会社都合で土曜出勤がなくなった場合に有給を使わせるのは違法?休日変更と年休の扱いを解説

労働条件、給与、残業

会社の勤務制度によっては、土曜日を出勤日に設定する代わりに平日の労働時間を短縮する仕組みを採用している場合があります。しかし、予定していた土曜出勤が不要になった際に、その日を有給休暇として処理するよう求められると、「なぜ自分の有給を使わなければならないのか」と疑問に感じる人も少なくありません。

この記事では、会社が土曜出勤日を設定する仕組み、有給休暇を会社都合で消化させることができるのか、休日や勤務日の変更に関する法律上の考え方について解説します。

会社が土曜出勤日を設定する仕組みとは

企業によっては、年間の労働時間を調整するために、土曜日を出勤日として設定している場合があります。例えば、平日の勤務時間を少し短くし、その分を月に数回の土曜出勤で調整する方法です。

このような制度は、就業規則や労働契約で定められている場合には、基本的に会社の勤務制度として運用されます。

例えば、月曜日から金曜日まで毎日30分短縮勤務を行い、その分として月1回土曜日を通常勤務日にするという形で、年間の労働時間を調整する企業があります。

仕事がない土曜日を有給休暇扱いにすることはできるのか

年次有給休暇は、労働者が自分の希望する時期に取得することを基本とした制度です。そのため、原則として会社が一方的に「仕事がないから有給を使って休んでください」と命じることはできません。

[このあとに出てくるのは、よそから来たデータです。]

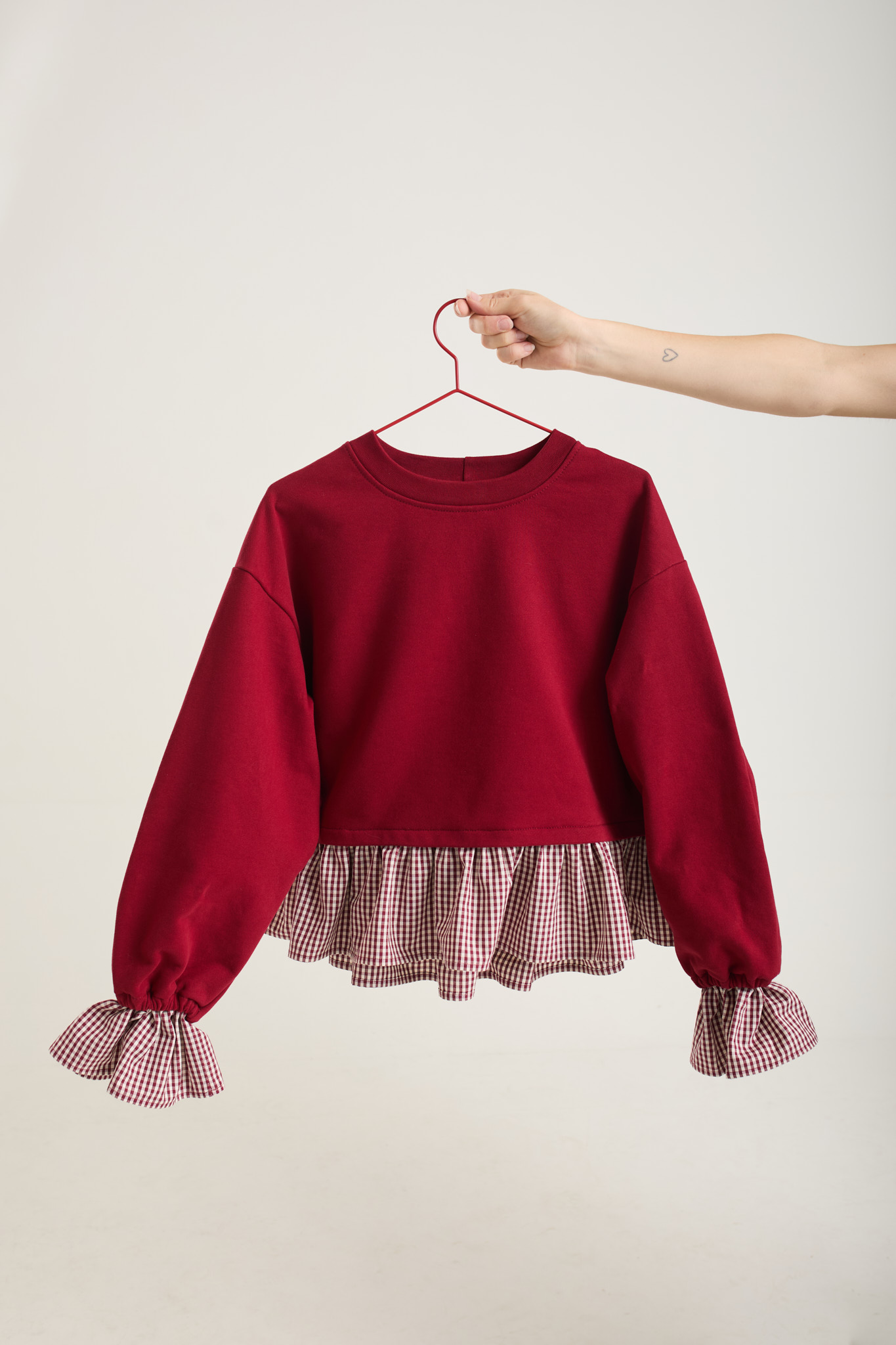 Na první pohled to vypadá, jako bys pod kratší mikinou měla vykukující košili. Ve skutečnosti je to ale jeden promyšlený kousek, naše vánoční limitka Barbora. Mikinovinu jsem si nechaly nabarvit na nádhernou červeno-bordó barvu, která působí úžasně slavnostně. Doplnily jsme ji o červeno-bílou kostku z pravého českého kanafasu. Dohromady to dokonale ladí a dává Barboře ten nejkouzelnější vánoční vibe.

会社が従業員に有給休暇を取得させる方法としては、労働者との合意による取得や、一定の条件を満たした計画年休制度などがあります。

例えば、土曜出勤日として勤務日が設定されていたものの、会社側の都合で仕事がなくなった場合、その日を当然に有給消化扱いにすることが認められるとは限りません。まずは、その土曜日が法律上の「労働日」なのか「休日」なのかを確認する必要があります。

会社都合で休業させる場合は休業手当の問題が出ることがある

会社が本来勤務する予定だった日に、会社側の都合で働けない状態にした場合は、単なる有給休暇ではなく、休業の問題になる可能性があります。

労働基準法では、会社の責任による休業の場合、一定の条件で休業手当の支払いが必要になることがあります。

例えば、土曜日が正式な出勤日として勤務表に組まれていたにもかかわらず、「仕事がないから来なくていい」と会社が判断した場合、従業員の有給を減らすのではなく、会社側の対応が問題になるケースがあります。

計画年休制度を導入している場合は扱いが異なる

会社によっては、労使協定によって年次有給休暇の一部を会社が計画的に指定する「計画年休制度」を導入している場合があります。

この制度が適切に導入されている場合、あらかじめ決められた日に有給休暇を取得することがあります。ただし、従業員が知らない間に会社が自由に有給を割り当てられるという制度ではありません。

例えば、就業規則や労使協定で「毎年○月の指定日を計画年休とする」と決まっている場合は、その範囲内で有給取得日が設定されます。一方で、そのような制度がない場合は、会社が一方的に有給扱いにすることは問題になる可能性があります。

自分の有給休暇を守るために確認すべきポイント

土曜出勤と有給休暇の扱いに疑問を感じた場合は、まず就業規則や雇用契約書を確認することが大切です。

確認するポイントは、土曜日が所定労働日として設定されているか、有給休暇の計画的付与制度があるか、休日変更のルールが定められているかなどです。

例えば、「土曜出勤日は勤務日として扱う」と書かれている場合と、「会社指定休日として調整する」と書かれている場合では、会社が取れる対応は変わります。

会社へ確認するときの伝え方

制度に疑問がある場合は、いきなり対立するのではなく、まず人事や上司へ制度の根拠を確認することがおすすめです。

「有給を使いたくありません」と伝えるだけではなく、「この土曜日は就業規則上どのような扱いになっていますか」「有給取得の根拠となる制度はありますか」と確認すると、冷静に話を進めやすくなります。

また、会社からの説明や指示内容は記録しておくと、後から確認が必要になった場合にも役立ちます。

まとめ|会社都合で有給を自由に消化させることはできない

土曜出勤制度がある会社でも、仕事がないことを理由に従業員の有給休暇を自由に消化させられるわけではありません。有給休暇は本来、労働者が取得時期を決める権利を持つ制度です。

ただし、計画年休制度など適切な手続きがある場合や、労働者が同意している場合は異なる扱いになることがあります。

自分の有給休暇を守るためには、就業規則や労働契約上、その土曜日がどのような位置付けになっているのかを確認することが重要です。疑問が解消されない場合は、労働基準監督署などの専門機関へ相談することも検討しましょう。